The correct answer is option 1) i.e. 8 ∶ 1

CONCEPT:

• The electric field is defined as the electric force per unit charge
•  A stationary charge q placed in an electric field intensity of E will experience an electrostatic force (F) given by

F = qE

• If a particle of mass m accelerates, from Newton's second law we know that the force experienced by this particle, F = ma
• For a charged particle the force experienced, F = qE

Therefore, qE = ma

⇒ Acceleration, a = qE/m

• Kinetic energy is the energy possessed by a moving object.

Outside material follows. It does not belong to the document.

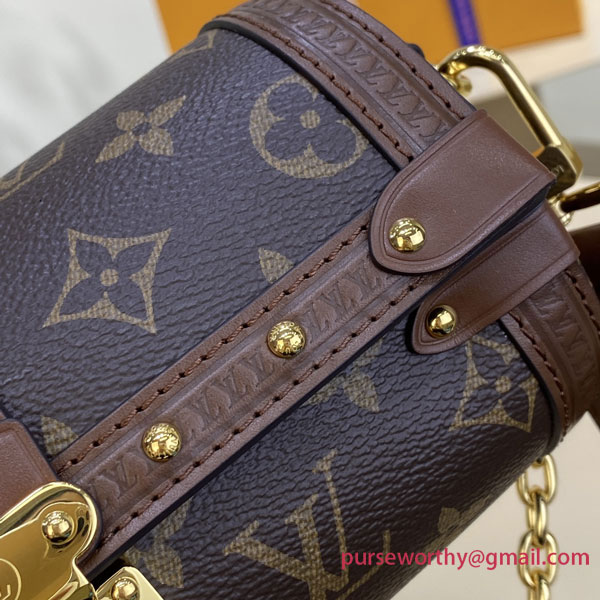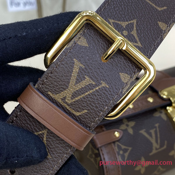 Nicolas Ghesquière introduces a new shape – both feminine and casual – inspired by Louis Vuitton’s archives: the Papillon Trunk handbag. The iconic Papillon duffle bag is transformed into a trendy semi-rigid baguette. The S-Lock, LV-embossed trunk trimmings and studs pay homage to the House’s trunkmaking beginnings.

It is given by

KE = $\frac{1}{2}$mv2

EXPLANATION:

Let the mass of two particles have mass m1 and m2 and charge q1 and q2.

m1 = m ; q1 = 2q

m2 = 2m ; q2 = q

We know that acceleration = velocity ÷ time ⇒ v = at

v1 = a1t = q1Et/m1

v2 = a2t = q2Et/m2

The kinetic energy of the particles will be as follows

KE1 = $\frac{1}{2}m_1v_1^2 = \frac{1}{2}(m)(\frac{(2q)E}{m} t)$

KE2 = $\frac{1}{2}m_2v_2^2 = \frac{1}{2}(2m)(\frac{qE}{2m} t)$

Ratio = $\frac{KE_1}{KE_2} =$$\frac{\frac{1}{2}(m)(\frac{2qE}{m} t)^2}{\frac{1}{2}(2m)(\frac{qE}{2m} t)^2} =\frac{2^2 / 1}{2/2^2} = \frac{4/1}{2/4} = \frac{16}{2} = \frac{8}{1}$

Therefore, the ratio of the kinetic energies is 8 : 1.